Baby miss, giovani modelli e aspiranti lolite, tutti giovanissimi, tutti buttati dai genitori nel “tritacarne” dei concorsi di bellezza e delle sfilate di moda. È un argomento che mi ha sempre incuriosita anche perché capita di affrontarlo o comunque osservarlo sempre più spesso – anche nel piccolo della vita quotidiana – e dunque quando ho visto “Bellissime” di Flavia Piccinni (Fandango Libri, 2017) al Salone del Libro di Torino, non ho potuto fare a meno di acquistarne una copia. E ve lo garantisco, dopo aver letto questo libro non sono più riuscita a guardare nello stesso modo le fotografie pubblicitarie dei piccoli modelli sulle riviste o all’interno dei negozi.

Ecco tre buoni motivi per leggerlo:

1 Perché, come dicevo prima, spesso mi è capitato di riflettere su quanto, al giorno d’oggi (sì, lo so, fa molto “vecchia”) i bambini stiano gradualmente perdendo la loro infanzia. Diventano loro malgrado piccoli adulti. Non si gioca più, in compenso si inseguono i sogni dei genitori, le aspettative di mamme e papà che proiettano sui figli quello che loro avrebbero voluto fare da giovani.
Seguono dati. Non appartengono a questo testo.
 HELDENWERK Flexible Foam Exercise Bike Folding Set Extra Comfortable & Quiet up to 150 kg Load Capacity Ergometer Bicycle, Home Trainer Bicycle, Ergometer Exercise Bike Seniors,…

Non ci sono più i ritmi del gioco ma quelli del lavoro, dei sacrifici per diventare famosi, della competizione. Non c’è più “Da grande voglio fare l’astronauta/la maestra/la veterinaria” ma “Da grande voglio fare la showgirl”. Tutto questo presto, sempre più presto. Lo noto sempre di più: forse ci avete pensato anche voi.
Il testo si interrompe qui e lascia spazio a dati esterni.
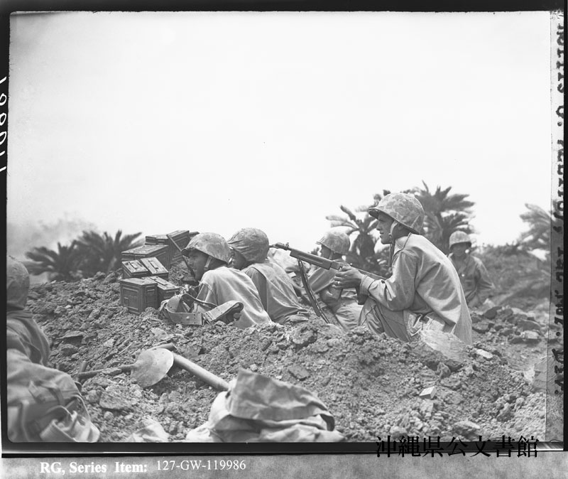 【和訳】 着弾跡の穴で守備につく機関銃部隊

2C’è anche molto altro, dietro a questi casting per diventare divi in miniatura, oltre all’esasperazione e ai ritmi frenetici degli adulti in cui questi bimbi vengono sballottati e fotografati mentre scimmiottano i “grandi” a volte fino all’eccesso (come i casi delle bambine iper truccate che assumono pose sensuali e altro), e parlo dei valori. È il trionfo dell’apparenza elevato all’ennesima potenza. C’è l’idea di fondo che vali solo se appari, e prima appari e meglio è. C’è l’idea di fondo che solo i bambini belli (che poi, chi decide chi o cosa è bello?) possono essere felici. C’è l’idea di fondo che questi piccoli modelli vengono incasellati fin da piccolissimi in ruoli costruiti da qualcun altro, che diventano una prigione. C’è (anche) l’idea di fondo che se non vieni selezionato è un fallimento, e mamma e papà ci rimarranno male. E ha molto a che fare con la costruzione dell’immaginario dei bambini, e con quello che diventeranno tra 30-40 anni.

3 Infine, perché l’autrice è una giornalista che collabora con numerosi giornali, ha scritto diversi reportage ed è autrice di documentari, e ha scritto questo libro intervistando genitori, bambini, organizzatori di selezioni, agenzie, fingendosi mamma e infiltrandosi alle sfilate: è un lavoro accurato e il suo stile è divulgativo, scorrevole, proprio di chi ha la necessità per lavoro di raccontare storie, e di farlo in maniera chiara e comprensibile. Insomma pur trattando argomenti importanti e delicati si legge con facilità.